Bulletin of Canadian Petroleum Geology, Vol.51, No.3, 234-252, 2003
Litho- and biofacies analyses of the Buckinghorse formation: the Albian Western Interior Sea in northeastern British Columbia (Canada)
During Albian time the Western Interior Sea formed an embayment of the northern Boreal Sea and paleogeography, depositional processes and relative sea level were controlled by a global sea level rise and active thrusting within the Cordillera. Along the Sikanni Chief River in northeastern British Columbia, the Buckinghorse Formation is exposed as an over 1000 m thick marine mudstone package that was deposited in the western foredeep of the Western Canada Sedimentary Basin. The section appears lithologically relatively uniform, however, close examination allowed recognition of seven lithofacies responding to subtle changes in shelf to upper offshore depositional environments. On regional wireline log cross-sections seven major flooding surfaces that subdivide the Buckinghorse Formation into six depositional sequences are widely correlative. These are independent from lithofacies. A new informal foraminiferal subzonation is proposed and correlated to the existing standard zonation based mainly on the intensely studied Peace River region to the south.

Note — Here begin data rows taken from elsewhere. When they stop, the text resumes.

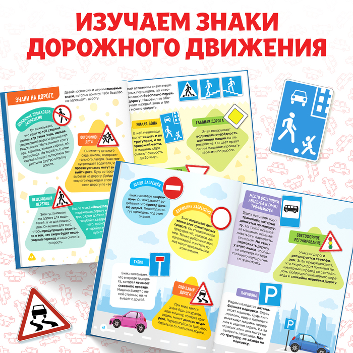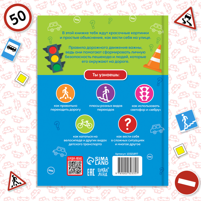 Эта книга напоминает путеводитель по безопасной жизни на дороге, где каждая страница — это маленький урок. Ребёнок словно становится исследователем, который учится распознавать знаки, понимать сигналы светофора и правильно переходить улицу. Это похоже на игру, где каждое правило — это ключ к безопасному перемещению в мире, полном машин и пешеходов. Каждая тема учит малыша быть внимательным, осторожным и уверенным в своих действиях.
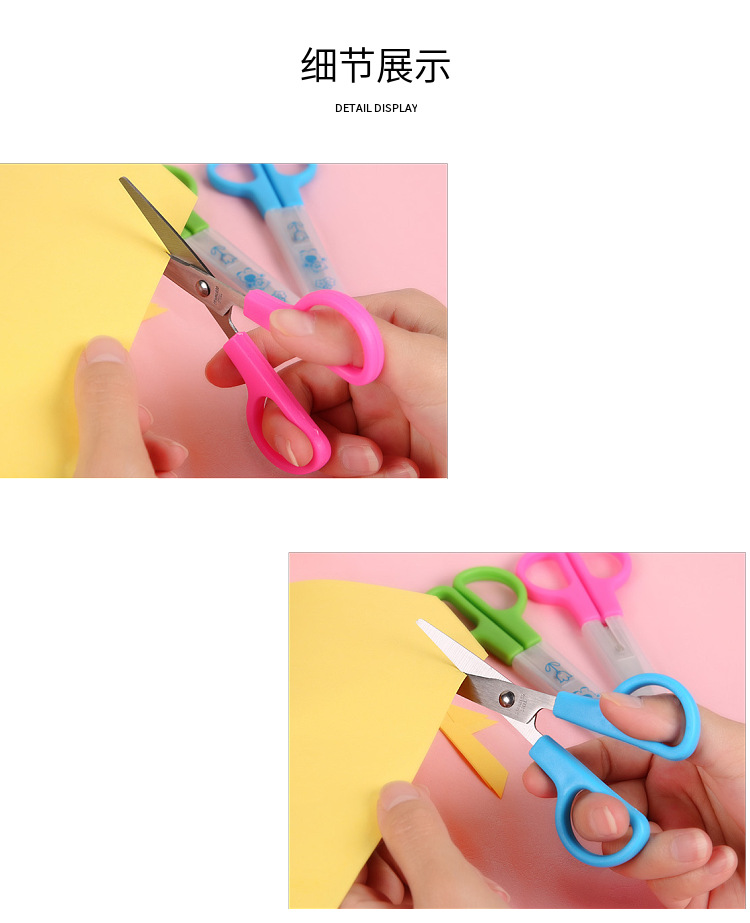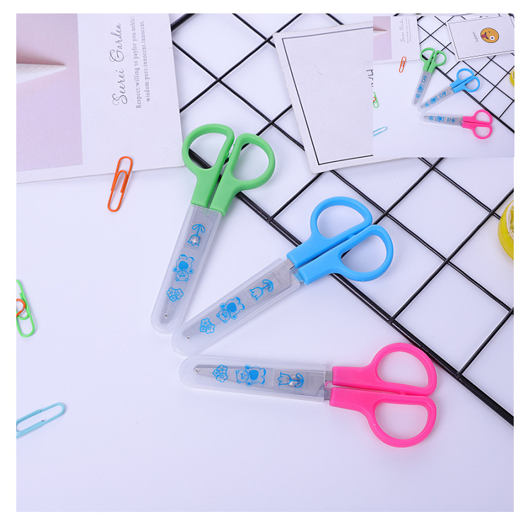 6021 мультяшные ножницы для начальной школы, детские ножницы для ручной работы с чехлом для детского сада, безопасные канцелярские ножницы оптом
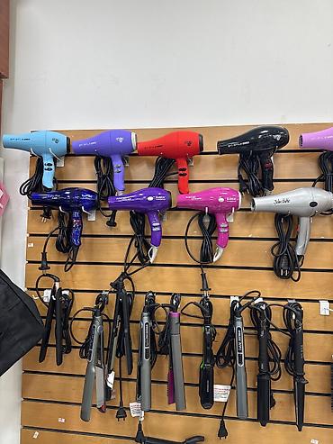 - İstifadə nümunəsi: şəkillərdə fen, saç ütüsü və bukle maşınlarının asılması göstərilir – kabellə birlikdə səliqəli nümayiş və tez çıxarılıb-taxma imkanı
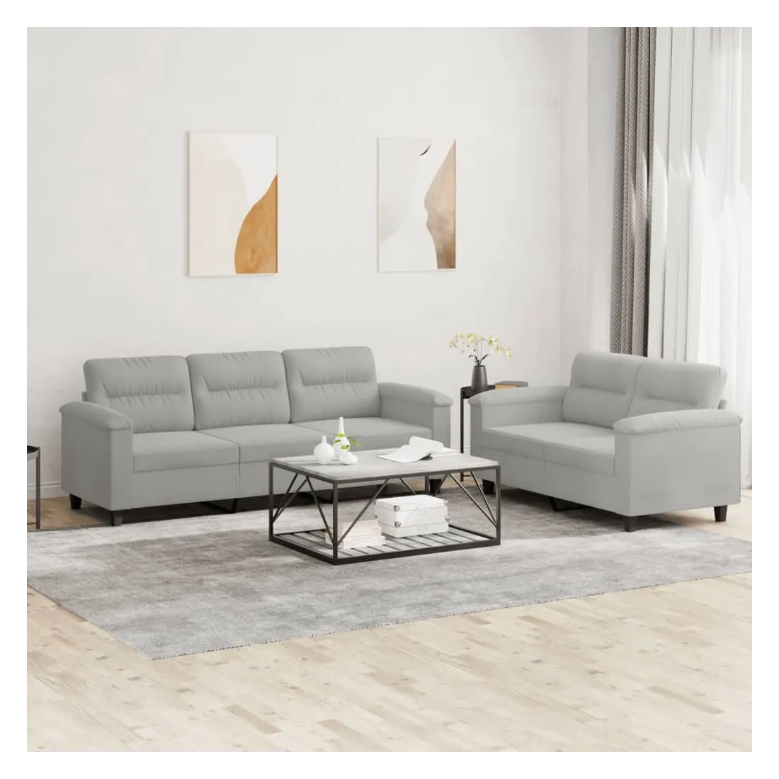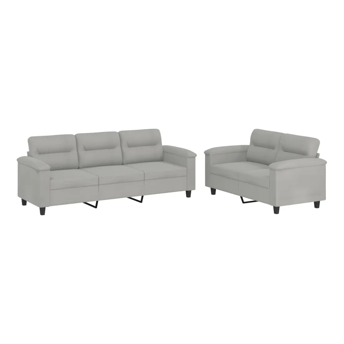 Cet ensemble de canapés est un excellent endroit pour discuter, lire, regarder la télévision ou simplement vous détendre. Il est destiné à être un point central de votre maison. Microfibre résistant : le microfibre est un tissu synthétique composé de fibres ultra-fines, particulièrement résistantes aux taches. Le tissu en microfibre est un excellent choix pour le rembourrage des meubles en raison de sa durabilité et de son nettoyage facile.Structure robuste et stable : la structure en contreplaqué et en métal du canapé assure robustesse et stabilité.Expérience d'assise confortable : le canapé est très confortable avec le siège, les accoudoirs et les oreillers de dossier bien rembourrés.
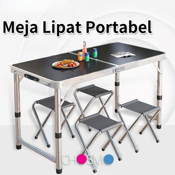 Meja Lipat Portabel Aluminium 120x60 CM Meja Jualan Serbaguna Kaki Bulat Meja Camping Outdoor
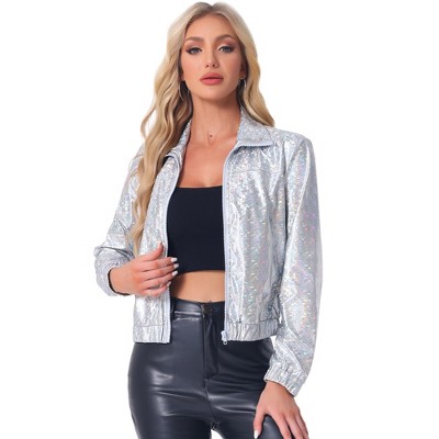 INSPIRE CHIC Women's Holographic Fashion Stand Collar Metallic Lightweight Zip Bomber Jacket Small Light Silver
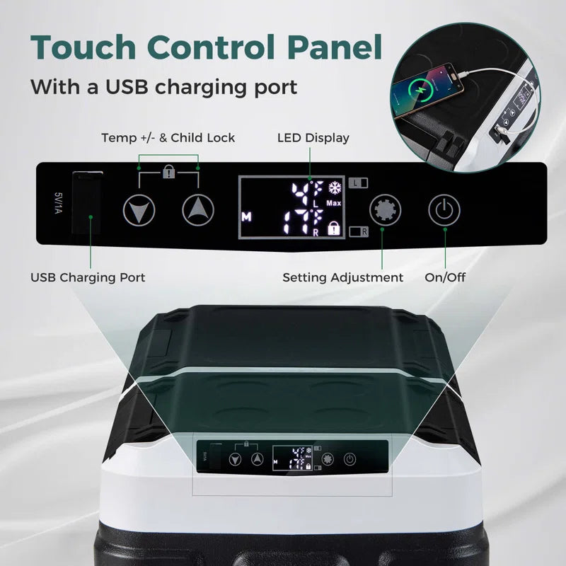 Featuring dual-zone design with independent temperature control from -4℉ to 68℉, this fridge ensures perfect storage conditions for a variety of items, such as beverages, fruits, seafood, meat, vegetables, skincare, etc. Equipped with a powerful compressor, this car freezer can quickly cool down to 32℉ in just 10 minutes. Users can enjoy versatile power supply options with included 12/24V DC and 100-240V AC power cords, suitable for home and outdoor use in vehicles, boats, trucks, and more.

In the northern continuous offshore setting foraminiferal assemblages responded with gradual faunal changeover. Each marine transgression brought new, mainly Boreal taxa to the basin. The "Viking" marker, described and faunally distinguished in the Hudson Hope area within the Hasler shale, is identified in the Sikanni Chief River area as a distinct silt to fine sandstone interval with a change from the Haplophragmoides gigas Zone to the Miliammina manitobensis Zone. On well logs this horizon is a major flooding surface, correlated with the top of the Paddy Member.